The field’s values are:

  • audio_type—as defined in the following sections; identifies the type of setup data carried.

  • priming—set to 0x0000 for AC-3. For AAC retrieve this value from the encoder, using the Apple encoding API. If a non-Apple encoder is used and does not provide a priming value, set to 0x0000. (This may lead to incorrect audio/video synchronization if the encoder has a different priming value than the value provided to the AAC decoder when the content is rendered.)

  • version—set to 0x01.

  • setup_data_length—the number of bytes in the following setup data.

  • setup_data—format-specific information, as defined in the following sections.

2.4.3.2 AAC Setup

Format identifiers:

AAC-LC

‘zaac’

AAC-HEv1

‘zach’

AAC-HEv2

‘zacp’

The AAC format-specific setup information is the AudioSpecificConfig() value, as defined in Section 1.6.2.1 of ISO/IEC 14496-3. (Note that this value is called DecoderSpecificInfo in MPEG-4).

2.4.3.3 AC-3 Setup

Format identifier: ‘zac3’

The AC-3 format-specific setup information is the first 10 bytes of the audio data (the syncframe()).
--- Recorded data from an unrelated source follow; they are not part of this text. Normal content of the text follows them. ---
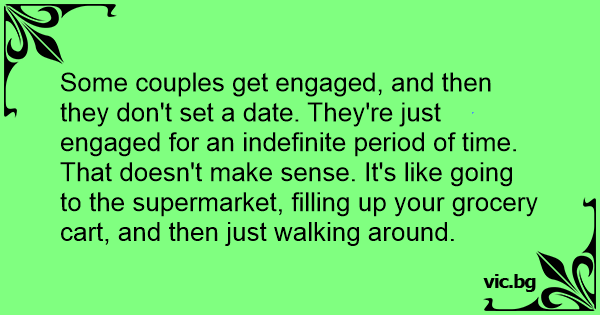 Some couples get engaged, and then they don't set a date. They're just engaged for an indefinite period of time. That doesn't make sense. It's like going to the supermarket, filling up your grocery cart, and then just walking around.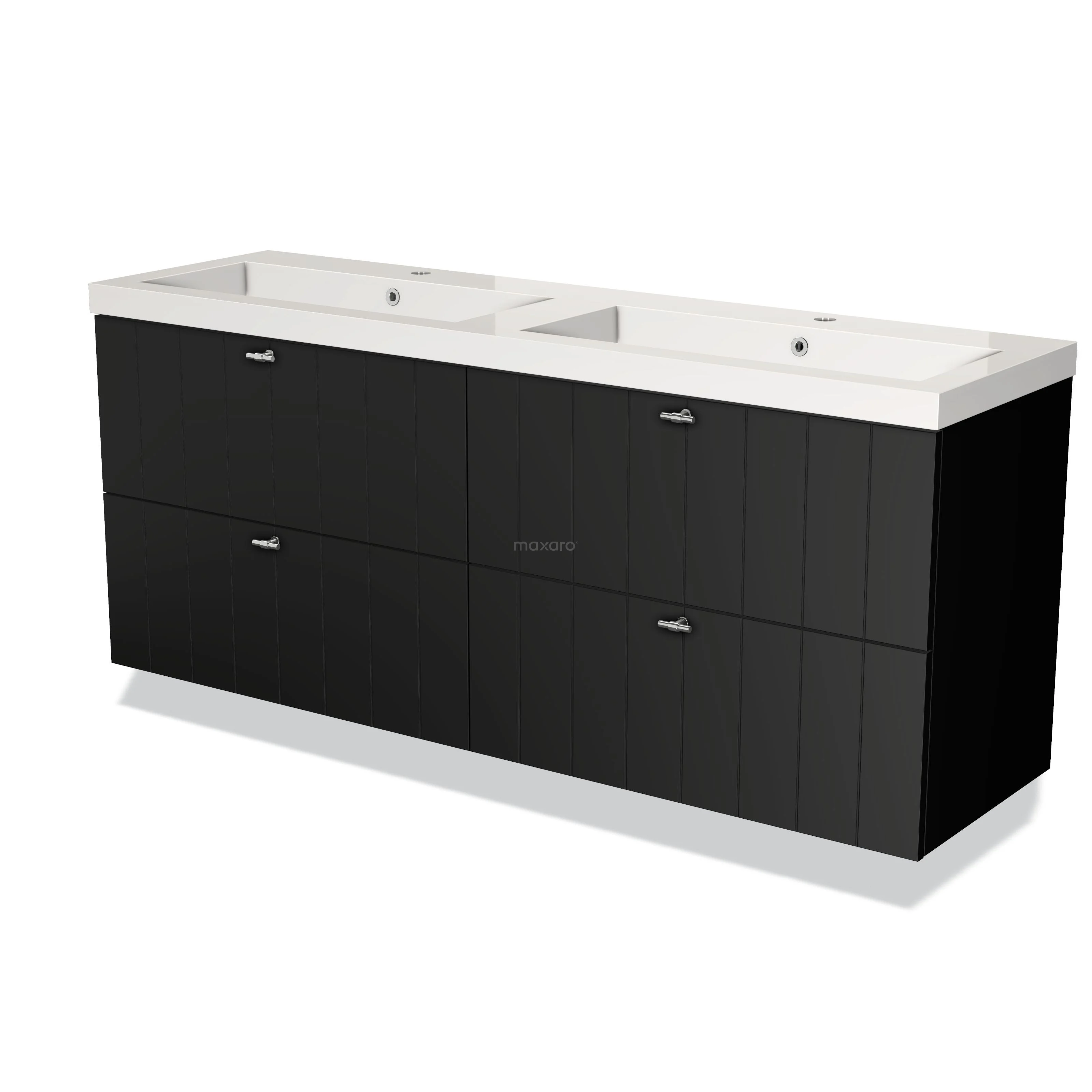 Modulo Bathroom furniture with sink | 160 cm Matte black Slat front Mineral marble 4 drawers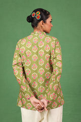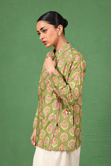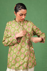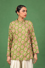 A subtly printed top featuring a band collar neckline in an asymmetrical style, adorned with buttons and piping detailing along the neckline. The piping detail extends to the sleeve hems, adding a refined touch to the overall look.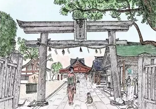 (设计师Eiko Tamura的明信片猴子脸结合富士山的形象)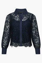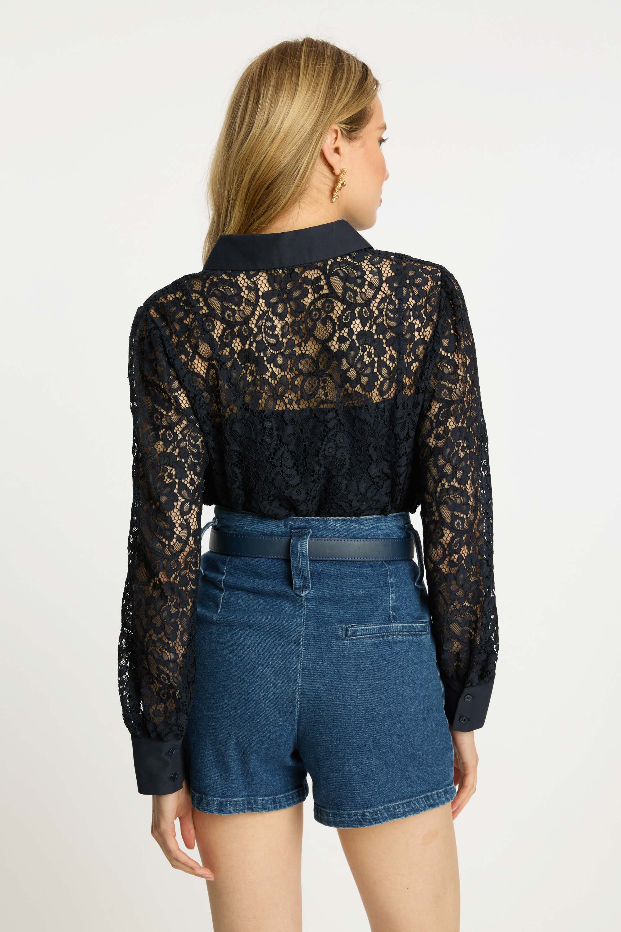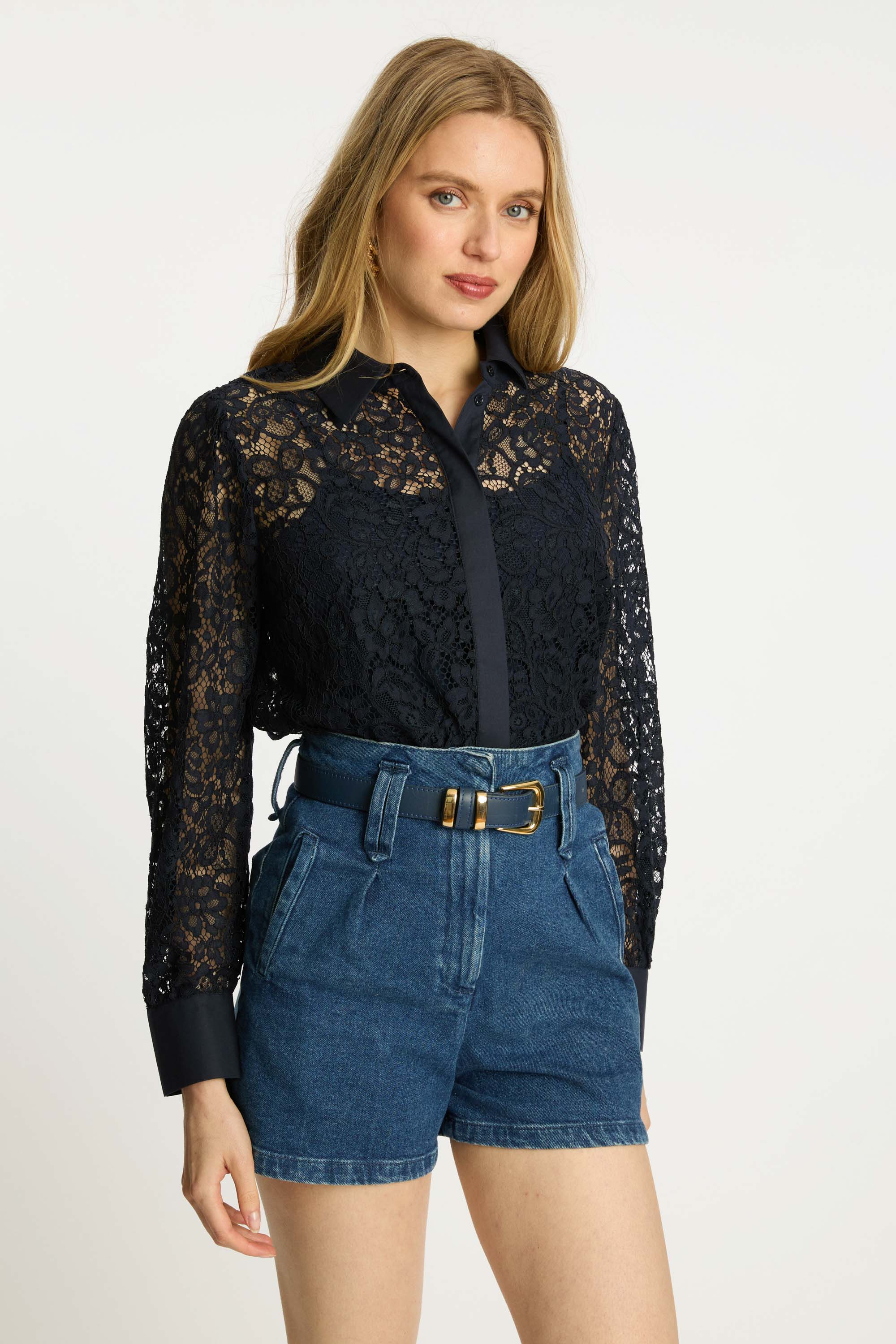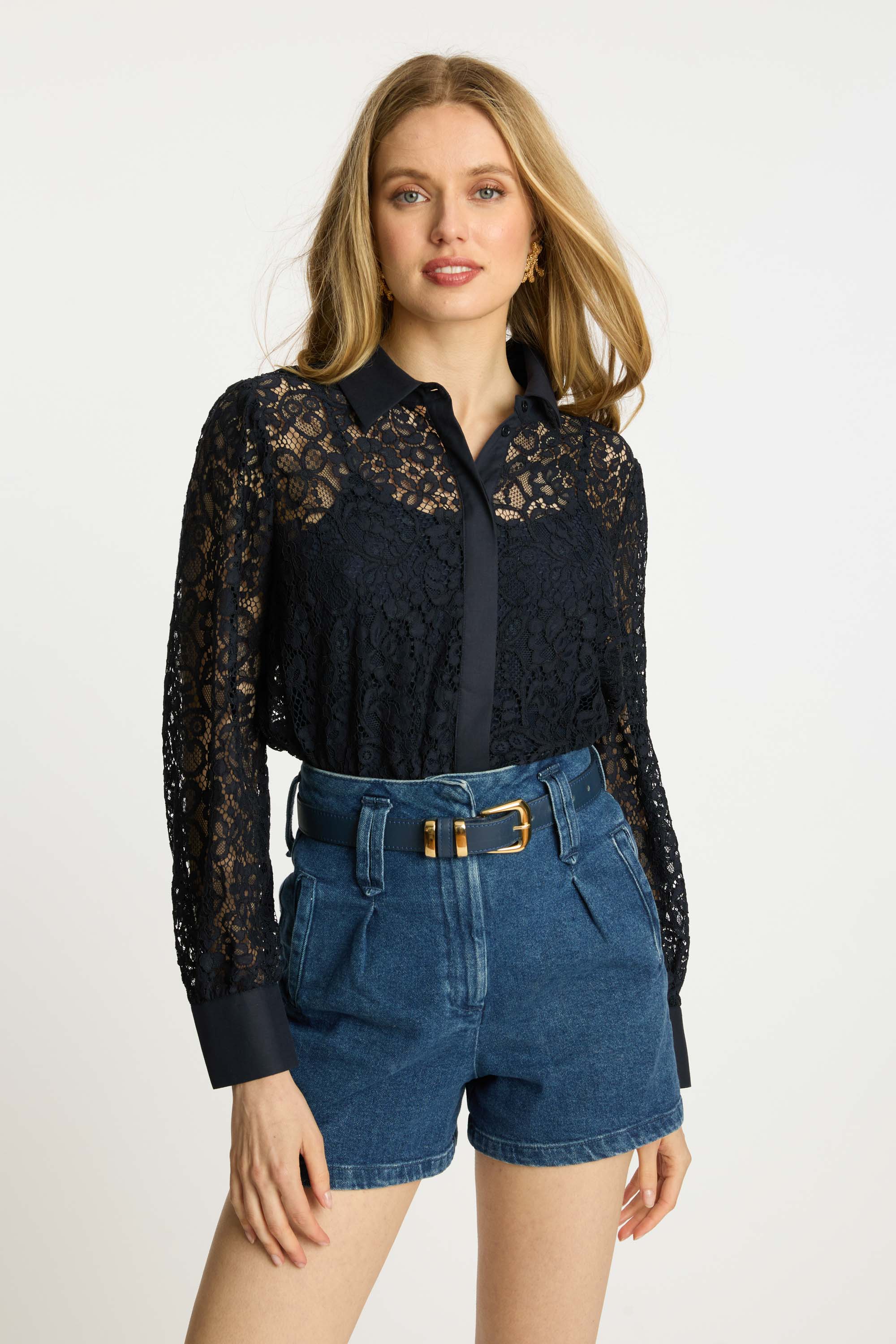 The Emmie Top in Dark Navy Lace combines romantic sophistication with everyday versatility. This button-down features intricate lace throughout, a classic shirt collar, and sheer lace sleeves finished with a delicate scalloped hem. The relaxed fit and contrasting cuffs create effortless elegance, while the rich navy shade transitions seamlessly from tailored trousers to denim. A refined piece that works for any occasion.

This comprises the syncinfo() structure and the initial part of the bsi() structure, as defined in 5.3.1 and 5.3.2 of ETSI TS 102 366 v1.2.1.

2.4.3.4 Elementary Stream Setup

Format identifier: ‘PRIV’

In elementary streams the audio setup information is carried inside an ID3 Private Frame, as defined in ID3 tag version 2.4.0. The owner identifier is com.apple.streaming.audioDescription.

2.4.3.5 Transport Stream Setup

Format identifier: ‘apad’

In transport streams, the audio setup information is carried in a registration_descriptor(), as defined in ISO/IEC 13818-1, sections 2.6.8 and 2.6.9 and Table 2-45.

2.4 Other Stream Types

Stream types other than audio or video are not encrypted.